Describe the problem.
I wish to get YouTube link from the song (bhajan) page. Example page: Ram ka hua mai mere Ram ho Gye bhajan lyrics

Every such page has a song title, lyrics, and later an iframe of the YouTube song. Such as
<iframe width="640" height="360" src="https://www.youtube.com/embed/4FDVkG3aZMY?rel=0&fs=1&hl=en_US&showinfo=0&iv_load_policy=3" allowfullscreen></iframe>

I just want the URL of the song i.e. https://www.youtube.com/embed/4FDVkG3aZMY, not the title or any other detail from the iframe.

If it is not possible, Can I get the whole parent element? I will regex the youtube URL from that later.

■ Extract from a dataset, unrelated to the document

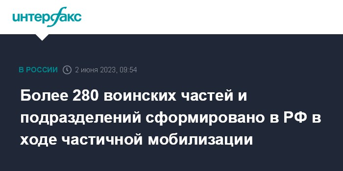 Москва. 2 июня. INTERFAX.RU - С начала проведения частичной мобилизации в российской армии сформировано свыше 280 воинских частей и подразделений, сообщил заместитель начальника Генерального штаба Вооружённых сил РФ Евгений Бурдинский.

I checked several old queries regarding Iframes, but didn't find any solution that I could make work. Considering myself new to scraping, I wanted confirmation if the YouTube URL can be scraped along with other data. Thanks in Advance.

Url: https://bhajanganga.com

Sitemap:
{"_id":"bhajanganga","startUrl":["https://bhajanganga.com/"],"selectors":[{"id":"god-link","parentSelectors":["_root"],"type":"SelectorLink","selector":"a.left_menu","multiple":true,"linkType":"linkFromHref"},{"id":"bhajan-link","parentSelectors":["god-link"],"type":"SelectorLink","selector":"div:nth-of-type(3) a.bhajan_list","multiple":true,"linkType":"linkFromHref"},{"id":"hindi-title","parentSelectors":["bhajan-link"],"type":"SelectorText","selector":"div.head","multiple":false,"regex":""},{"id":"download-lyrics-link","parentSelectors":["bhajan-link"],"type":"SelectorLink","selector":".div_download a","multiple":false,"linkType":"linkFromHref"},{"id":"lyrics-content","parentSelectors":["bhajan-link"],"type":"SelectorText","selector":"p","multiple":false,"regex":""}]}

Hi,

Please check the sitemap below:

{"_id":"bhajanganga","startUrl":["https://bhajanganga.com/"],"selectors":[{"id":"god-link","linkType":"linkFromHref","multiple":true,"parentSelectors":["_root"],"selector":"a.left_menu","type":"SelectorLink"},{"id":"bhajan-link","linkType":"linkFromHref","multiple":true,"parentSelectors":["god-link"],"selector":"div:nth-of-type(3) a.bhajan_list","type":"SelectorLink"},{"id":"hindi-title","multiple":false,"parentSelectors":["bhajan-link"],"regex":"","selector":"div.head","type":"SelectorText"},{"id":"download-lyrics-link","linkType":"linkFromHref","multiple":false,"parentSelectors":["bhajan-link"],"selector":".div_download a","type":"SelectorLink"},{"id":"lyrics-content","multiple":false,"parentSelectors":["bhajan-link"],"regex":"","selector":"p","type":"SelectorText"},{"extractAttribute":"src","id":"youtube","multiple":false,"parentSelectors":["bhajan-link"],"selector":"iframe[src*=\"https://www.youtube.com/\"]","type":"SelectorElementAttribute"}]}
1 Like

Thanks a tonne! :pray:

I was not able to click on the iframe, because that led to the video being played not the iframe or its parent <div> getting selected.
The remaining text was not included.